In this case the files were probably used from the cache, thus the error
was really stored on disk.
I used vbindiff (hex differ) and seen that, in the differing range, not
just all bytes were different,.. but some were ok, than some were
different again,.. and so on.
So, at least in that case, it was not one whole range that was totally
wrong, but only part of the bytes.
- Another thing... perhaps this was only by chance but:
When I did sha512 sums or diffs,.. the errors were always found in the
files I copied.... not in the original files. Of course diff could not
say me that (because it doesn't tell which files are original) but
sha512sum could.
This is very strange because:
My first big tests were:
1) The original by Exact Audio Copy under Windows created files on my
PATA disc in a FAT32 partition
- compared with -
a) copies from that files to another place on the FAT32 partition
b) copies from that files to an ext3 partition on one of the SATA discs.
=> There one could imagine that the failure would be done in the copying
(which is impossible or unlikely,.. because then the differences should
be always in the same file(s).
2) I copied the files from FAT32 to ext3 again,.. and then copied the
whole stuff from ext3 to another location on the ext3 partition.
The error happens here, too.
And I think it's very strange the even for test 2 the differences seemed
to be always in the most recent copy.
Perhaps this was only fortune.
- I tried the whole thing under Windows (installed GNU diff tools there).
Copied the files and started the diff.
Until I had to abort (because my parents came to get me...) there have
been found no differences.
Anyway I'm not sure if this says so much:
First of all,.. the diff is very very very slow in Windows (many times
slower than in Linux),.. any I have all DMA/Busmaster/etc drivers
installed in Windows.
Because of this I was not able to complete at least one whole diff over
all the files, thus it would still be possible that errors have occurred.
The Windows task manager (if I interpret his data right) told me that
diff has read about 20GB of data.... which mean it would have diffed
about 10GB of the files (so only one third).

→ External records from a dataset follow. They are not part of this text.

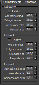 - O número de graus que o delegado irá inclinar conforme a função do ângulo de giro no quadro atual. Por exemplo, se inclinar por giro = 1, o delegado inclinará um grau para cada grau que for girado em um dado quadro. Padrão=1,0.
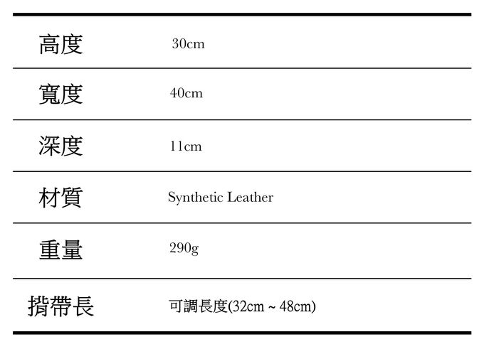 • 詳細尺寸:40*30*11cm,肩背帶長32~48cm
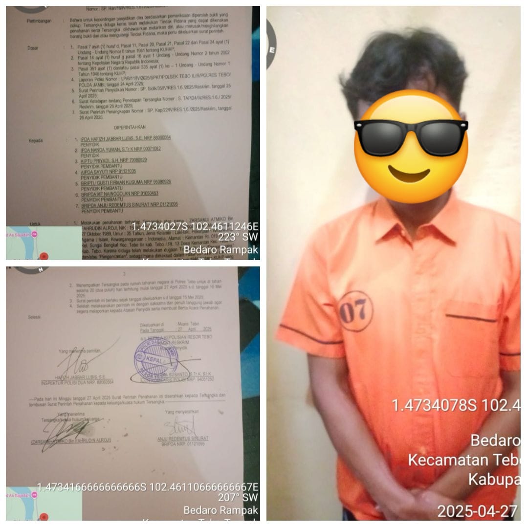 “Alhamdulillah atas laporan masyarakat, tidak sampai 1 x 24 pelaku sudah berhasil kita amankan pada Minggu (27/04) dan sekarang masih di lakukan penahan di sel tahanan Polres Tebo,” ucap Kasat.
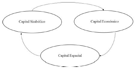 Portanto, o que se observou foi que os programas com maior concentração de capital econômico têm mais facilidade para redistribui-lo por meio do acúmulo do capital espacial. Quando esta é a via de redistribuição privilegiada, amplia-se o potencial de transformação do capital econômico em capital simbólico, o que corresponde a uma maior legitimidade dos agentes. Por sua vez, a legitimidade serve como um atrativo para maiores investimentos financeiros, contribuindo para um maior acúmulo de capital econômico.
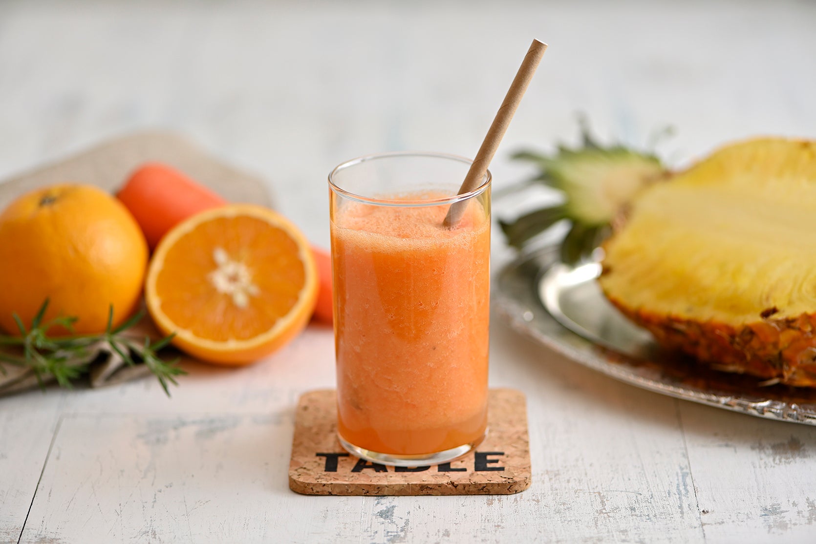 新鮮なフルーツや野菜をボトルに入れ、ハンドルを使ってボトル内を真空状態*2にします。あとはボタンを押して撹拌(かくはん)するだけ。真空状態にすることで食材の酸化(変色)を遅らせ、おいしさをキープします。
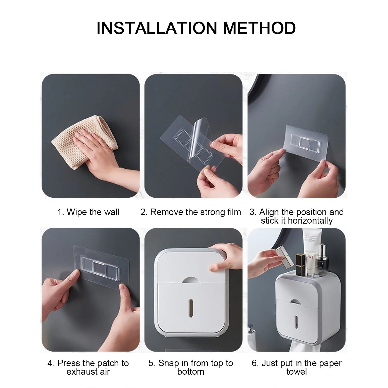 2. Adapt to the humid environment, the paper towel will not get wet when it rains, the installation method is free of punching, the bearing capacity is strong, and the adhesive is strong

Another thing that I wonder about:
The Task Manager shows me somewhere something like System Cache: 2,1 GB
(about).
As the EAC project was the first time for me to use Windows since
Windows 95 or so.... I'm not sure what that means and if it is the same
as the Linux file cache.
If so:
Linux seems to use all "free" memory for caching files but Windows would
use only about the half of my memory.
Perhaps that could be a reason if the error would not occur under
Windows (btw: I'm going to make several complete tests in Windows Monday
or Tuesday when I'm back in Munich). Just imagin if there would be an
hardware error in that unused 2GB.
I'm not sure enough about the internal Linux memory management to tell
if that may be a reason for the error. I could imagine that Linux reads
data first into the unused (cache) sections of mainmemory and copies it
from there to the virtual memory (which is actually physical memory too)
of the diff process.
Thus if there would be an error in my memory (although memtest86+ did
not, until now, tell me of an error) it could be possible that Windows
never use that memory regions, and thus the diff under windows won't get
any corrupted data, too.
You understand what I mean?
btw: Can someone tell me if it's possible to instruct windows to use the
whole memory as file cache? (And if so how ;-) )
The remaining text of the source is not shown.